## Raw data
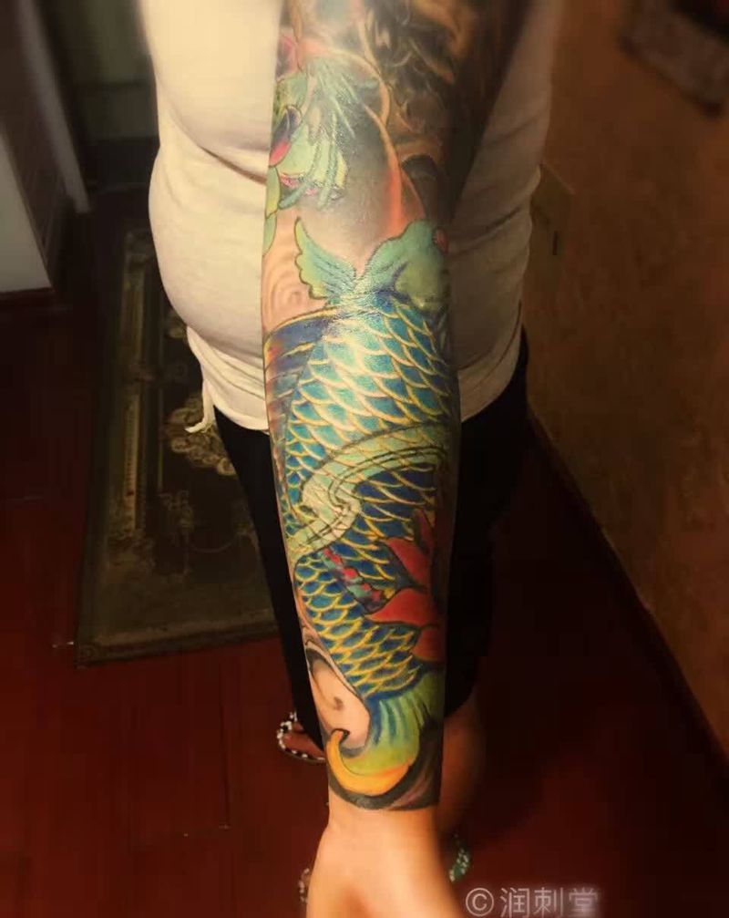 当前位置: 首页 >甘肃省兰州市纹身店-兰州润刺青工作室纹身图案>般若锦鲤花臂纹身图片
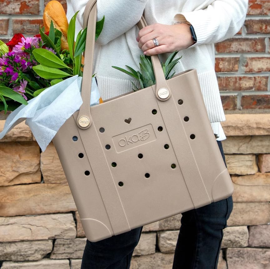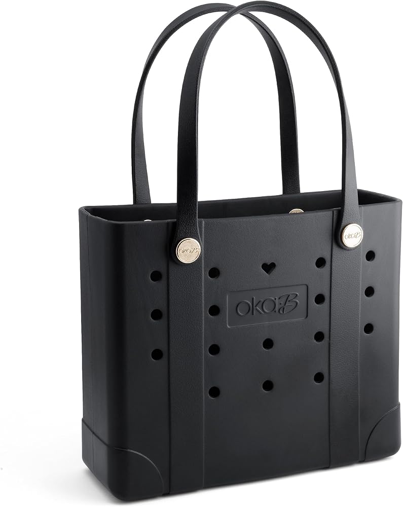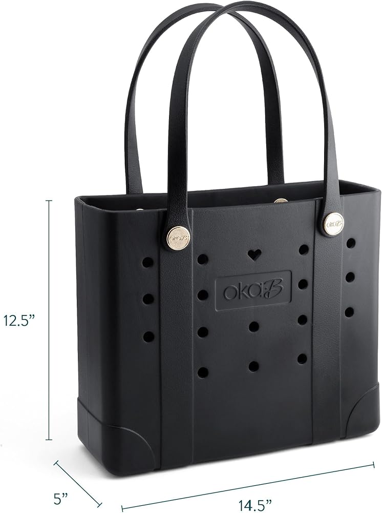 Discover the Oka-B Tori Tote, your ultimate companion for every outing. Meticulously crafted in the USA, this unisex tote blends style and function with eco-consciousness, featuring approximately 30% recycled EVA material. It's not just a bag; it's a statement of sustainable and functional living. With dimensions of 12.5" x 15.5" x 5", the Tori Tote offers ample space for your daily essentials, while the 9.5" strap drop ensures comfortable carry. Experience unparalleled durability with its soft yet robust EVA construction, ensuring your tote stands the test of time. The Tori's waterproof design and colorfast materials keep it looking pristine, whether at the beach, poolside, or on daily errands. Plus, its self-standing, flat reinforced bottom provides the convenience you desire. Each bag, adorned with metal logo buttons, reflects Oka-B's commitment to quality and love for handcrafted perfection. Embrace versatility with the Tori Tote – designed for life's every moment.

==

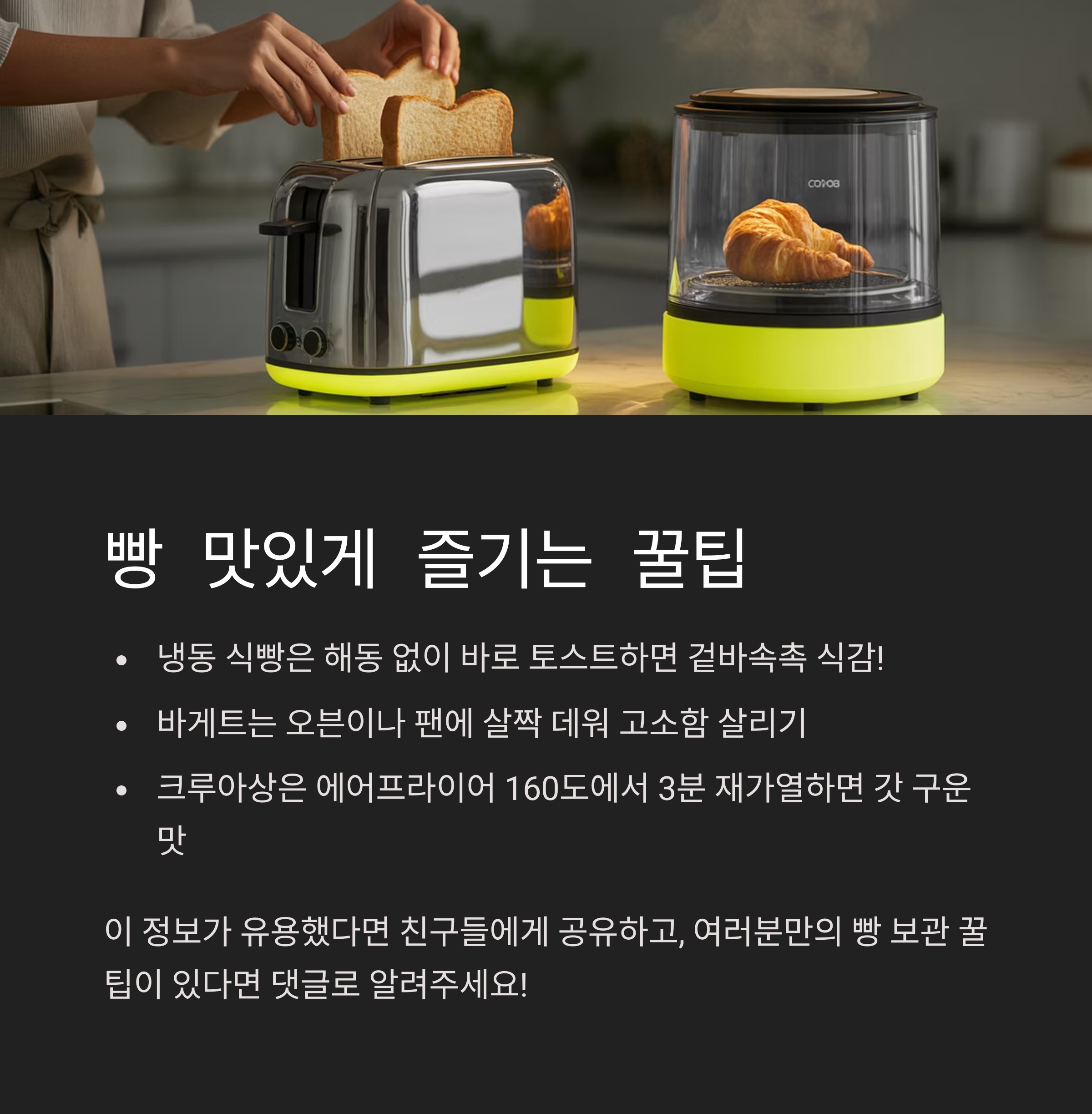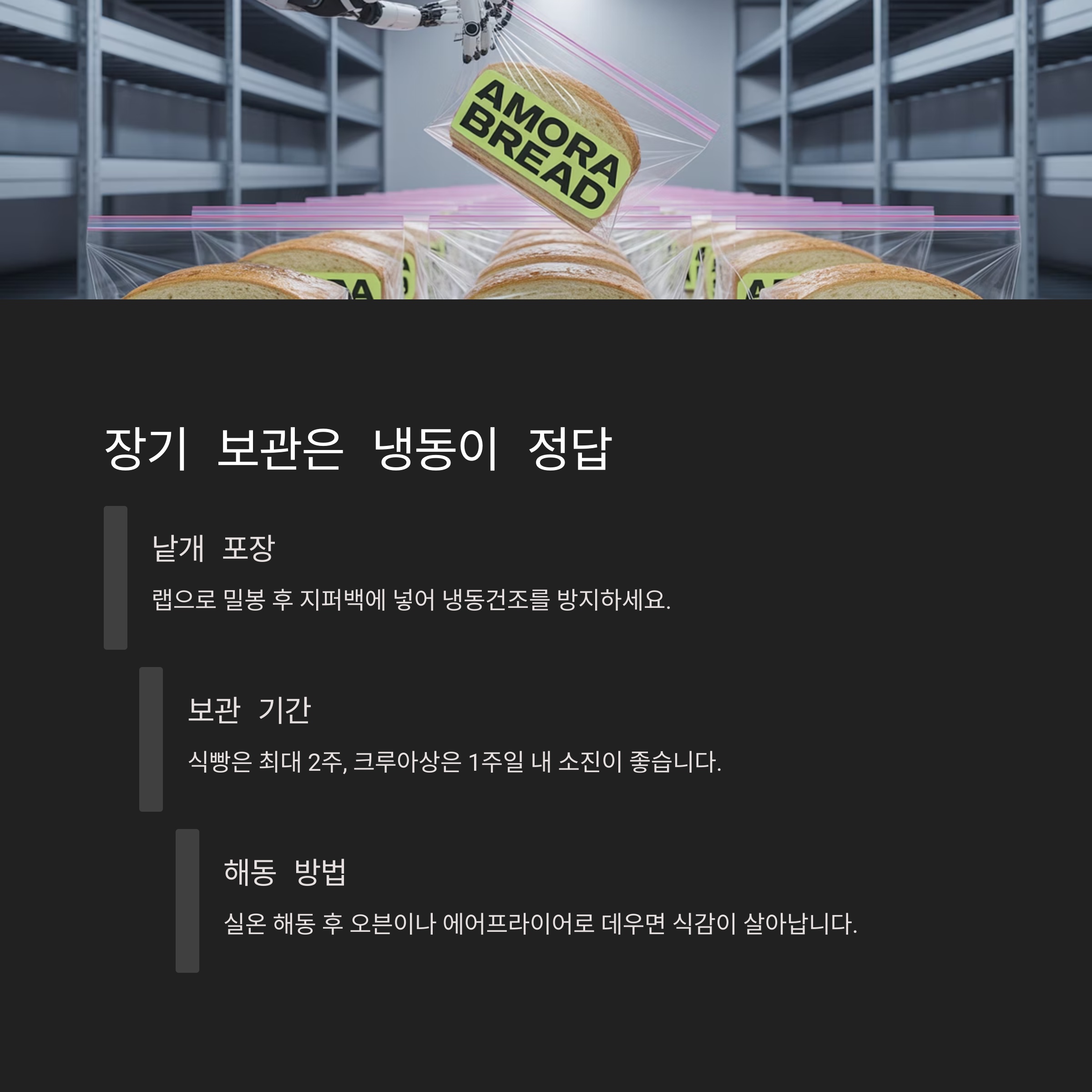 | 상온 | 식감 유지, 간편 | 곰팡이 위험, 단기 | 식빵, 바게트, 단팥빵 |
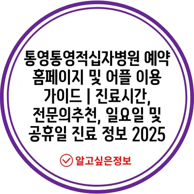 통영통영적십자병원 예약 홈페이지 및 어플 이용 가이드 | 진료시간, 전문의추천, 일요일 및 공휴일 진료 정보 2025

## What you will do
Would you give again, exactly, the lines in the data above that run from the line containing "식빵, 바게트, 단팥빵 |" to the line containing "통영통영적십자병원 예약 홈페이지"? Include both ends and no pictures.

## Worked solution
 | 상온 | 식감 유지, 간편 | 곰팡이 위험, 단기 | 식빵, 바게트, 단팥빵 |
 통영통영적십자병원 예약 홈페이지 및 어플 이용 가이드 | 진료시간, 전문의추천, 일요일 및 공휴일 진료 정보 2025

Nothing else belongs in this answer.